Work instructions:
Beginning with the line below that contains "- 15h00: Khai" and ending with the line that contains "R.A. Goldmann, Vienna, IV.", retype every line exactly. Pictures are not copied.

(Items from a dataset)
++++

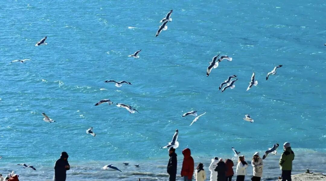 不同于夏季的碧波荡漾,冬日羊湖仅在岸边浅水处有一圈薄冰,湖水清澈见底,水下鹅卵石清晰可见,微风掠过,浪声与风声交织,偶尔有水鸟掠过湖面,灵动又治愈。
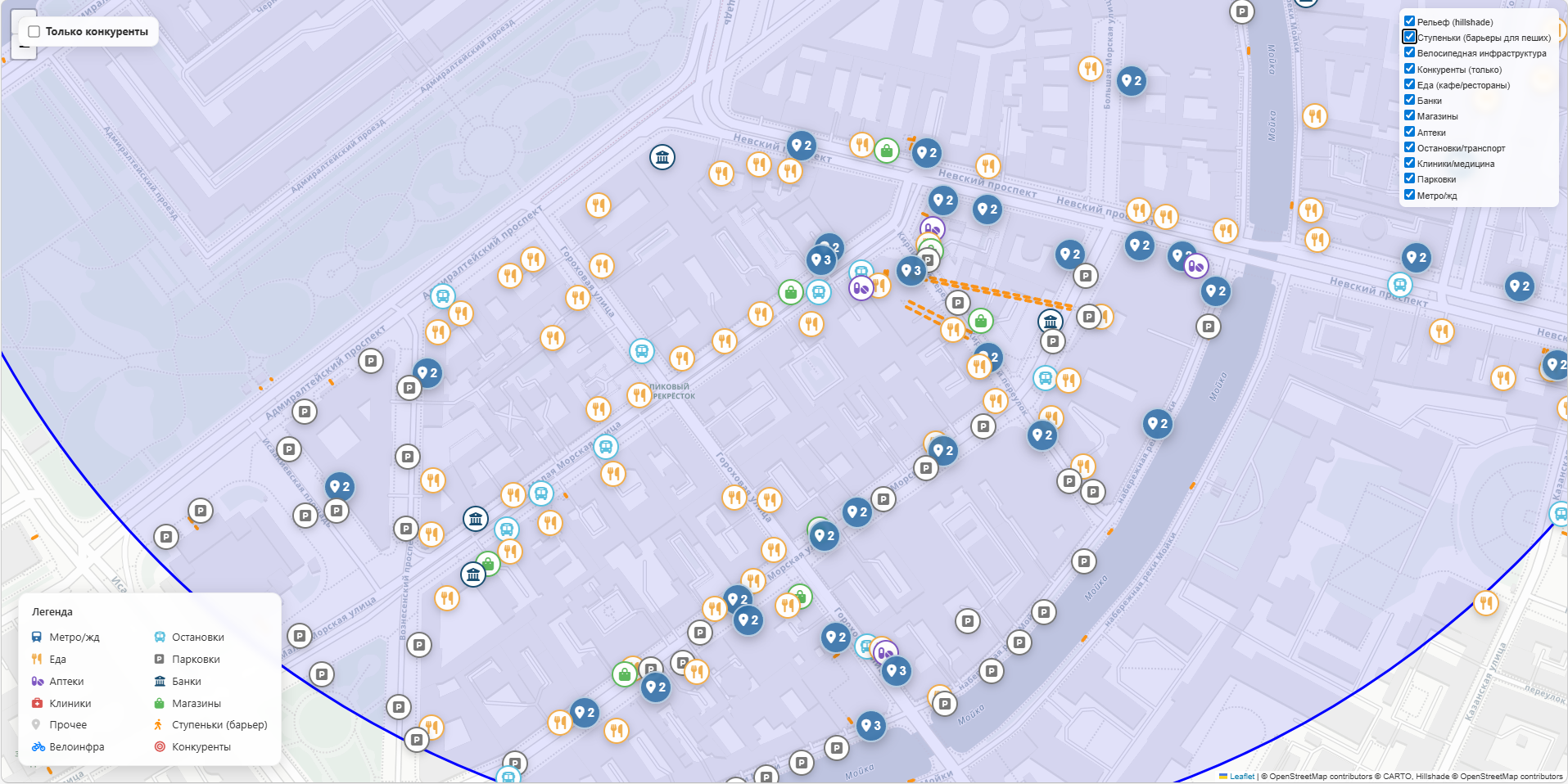 Объективная картина наглядно видите пешеходный трафик, транспортную доступность, парковки и конкурентов в радиусе 700 м.
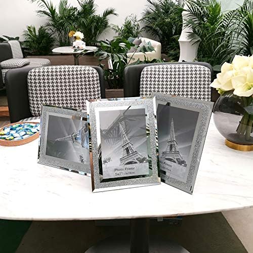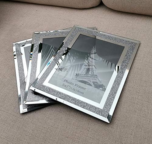 Meetart Sparkle Crystal Silver Glitter Mirror Glass Picture Body for Picture Dimension 5×7 Pack of three Piece
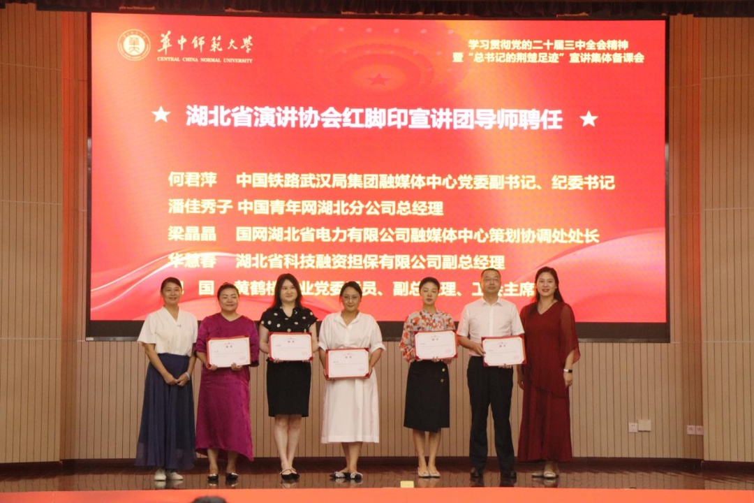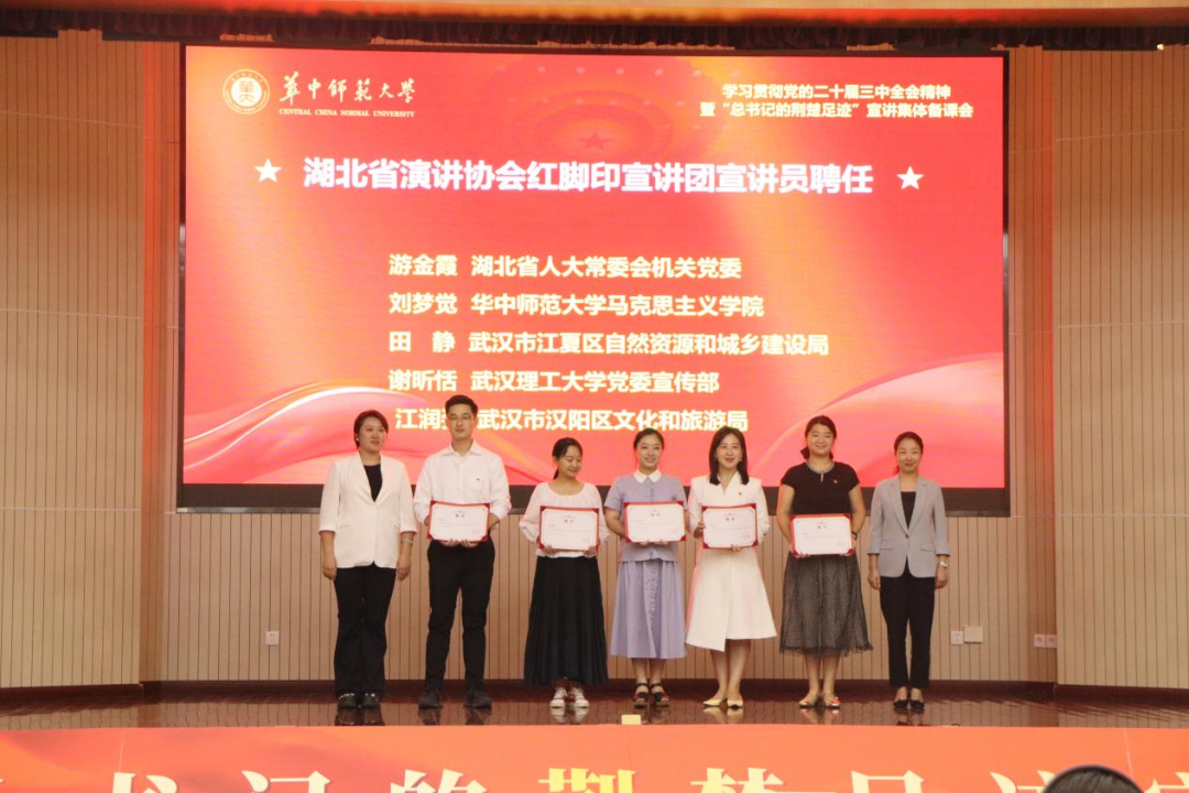 湖北省演讲协会副会长、武汉市公安局经开分局党委委员、政治处主任陈晓波和湖北省演讲协会副会长、江汉大学马克思主义学院党委书记吕洪雁为湖北省演讲协会红脚印宣讲团第三批导师何君萍、潘佳秀子、梁晶晶、华慧春、魏国颁发聘书。
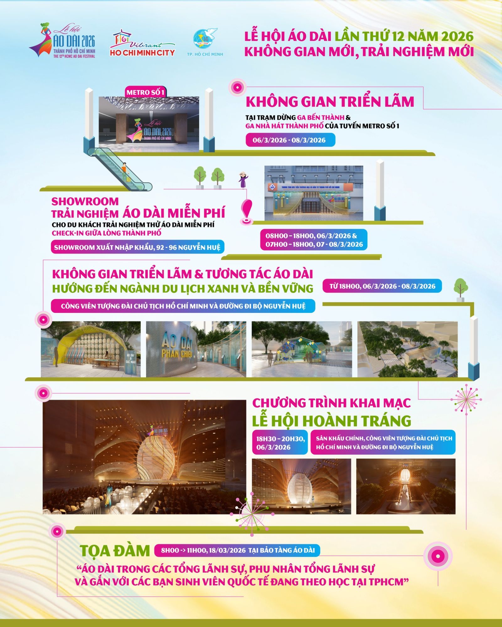 - 15h00: Khai mạc “Con đường áo dài” – không gian triển lãm, tương tác tại Đường đi bộ Nguyễn Huệ.
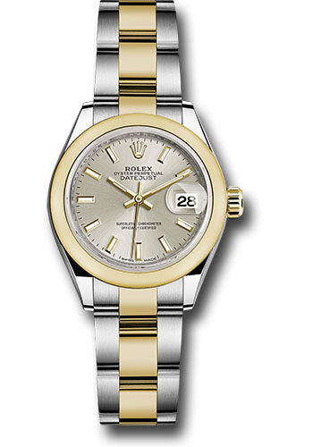 28mm yellow Rolesor case comprised of a 904L steel monobloc middle case, screw-down steel back, 18K yellow gold screw-down crown with twinlock double waterproofness system, 18K yellow gold domed bezel, scratch-resistant sapphire crystal with cyclops lens over the date and double anti-reflective coating, silver dial, index hour markers, Rolex calibre 2236 automatic movement with center hour, minute and seconds hands, instantaneous date with rapid setting, and stop-seconds for precise time setting, yellow gold Rolesor Oyster bracelet comprised of a combination of 904L steel and 18K yellow gold in flat three-piece links, folding Oysterclasp buckle with Easylink 5mm comfort extension link. Waterproof to 100 meters.
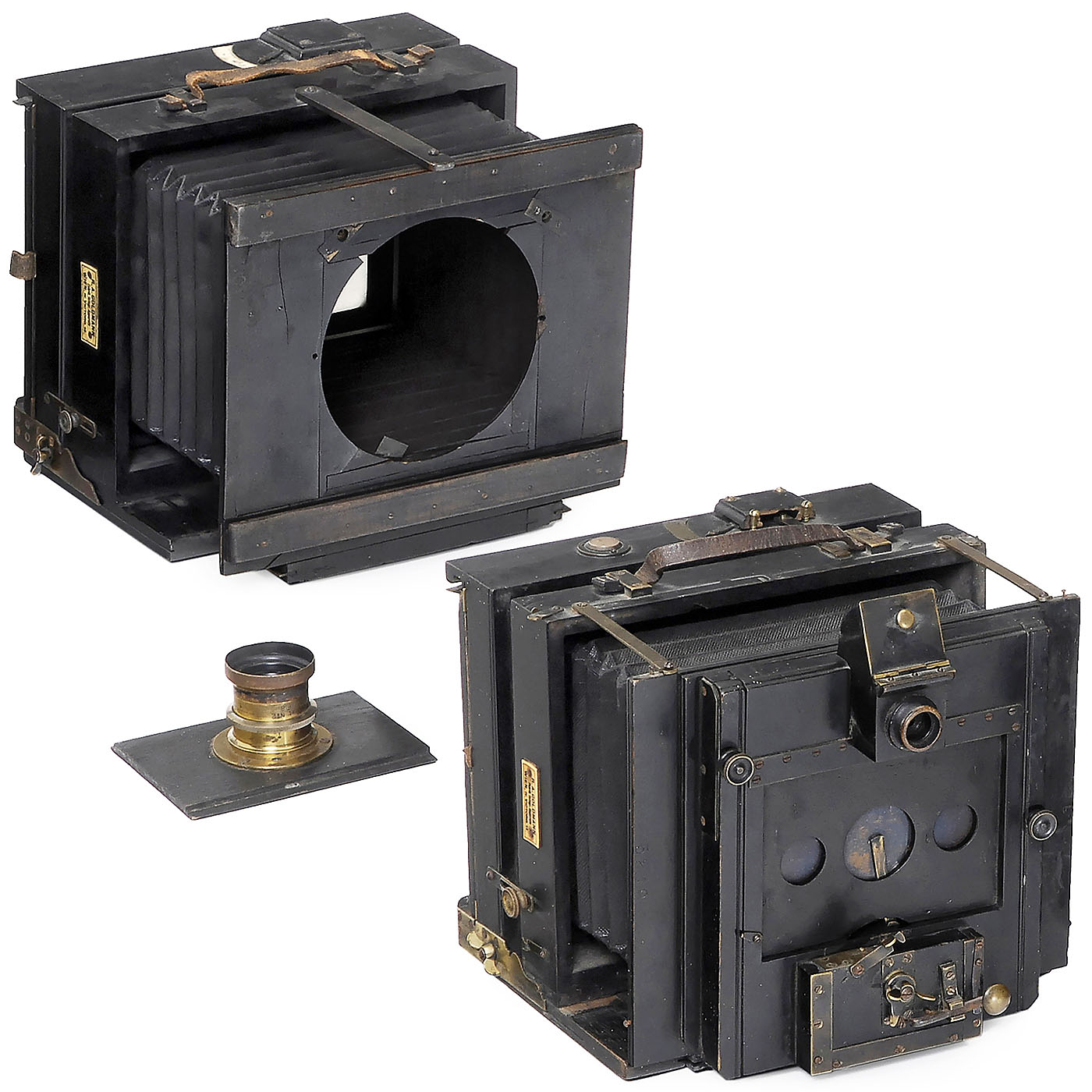 R.A. Goldmann, Vienna, IV. Victoriag. 14. 1) Universal stereo camera for 13 x 18 cm, no. 5219, rotating shutter works, with focusing screen back and 3 double cassettes. – In addition: Replaced plate with Busch Rapid Aplanat Ser. D. No. 2. – And: 2) Universal camera for 13 x 18 cm, no. 3808, with focusing screen back. – Both cameras are quite sturdy, and even without lenses capture some of the charm of Vienna.
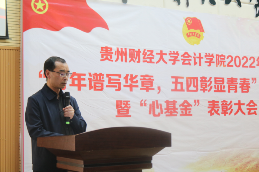 会计学子献上精彩的表演,表达了当代青年不忘初心,砥砺前行的赤诚之心,展现了会计学子昂扬向上的精神风貌。大会表彰了2021-2022学年团课优秀学员、优秀学生干部、学院“学习之星”、“奋斗之星”、“文艺之星”,以及“心基金”获得者等一系列先进典例。优秀学生干部代表袁野发言,她表示作为学生干部,应该时刻本着“服务同学,锻炼自我”的宗旨,用一腔热血为我院团学事业谱写华美的篇章。“心基金”获奖学生代表郑姗发言,她对学校、老师及黄可心先生表示由衷的感谢,并向大家分享了自己在大学里的收获。黄可心先生讲话 ,他对同学们的精彩表演表示赞许,向同学们讲述“知识改变命运、勤奋带来机遇、性格成就事业、细节决定成败、坚持就是胜利”五项人生箴言,希望广大会计学子,以此发光发热,为母校争光!到场校友与同学们进行交流互动,并就自己成功的经验给同学们今后的发展提出宝贵的意见。

++++

Expected answer:
 - 15h00: Khai mạc “Con đường áo dài” – không gian triển lãm, tương tác tại Đường đi bộ Nguyễn Huệ.
 28mm yellow Rolesor case comprised of a 904L steel monobloc middle case, screw-down steel back, 18K yellow gold screw-down crown with twinlock double waterproofness system, 18K yellow gold domed bezel, scratch-resistant sapphire crystal with cyclops lens over the date and double anti-reflective coating, silver dial, index hour markers, Rolex calibre 2236 automatic movement with center hour, minute and seconds hands, instantaneous date with rapid setting, and stop-seconds for precise time setting, yellow gold Rolesor Oyster bracelet comprised of a combination of 904L steel and 18K yellow gold in flat three-piece links, folding Oysterclasp buckle with Easylink 5mm comfort extension link. Waterproof to 100 meters.
 R.A. Goldmann, Vienna, IV. Victoriag. 14. 1) Universal stereo camera for 13 x 18 cm, no. 5219, rotating shutter works, with focusing screen back and 3 double cassettes. – In addition: Replaced plate with Busch Rapid Aplanat Ser. D. No. 2. – And: 2) Universal camera for 13 x 18 cm, no. 3808, with focusing screen back. – Both cameras are quite sturdy, and even without lenses capture some of the charm of Vienna.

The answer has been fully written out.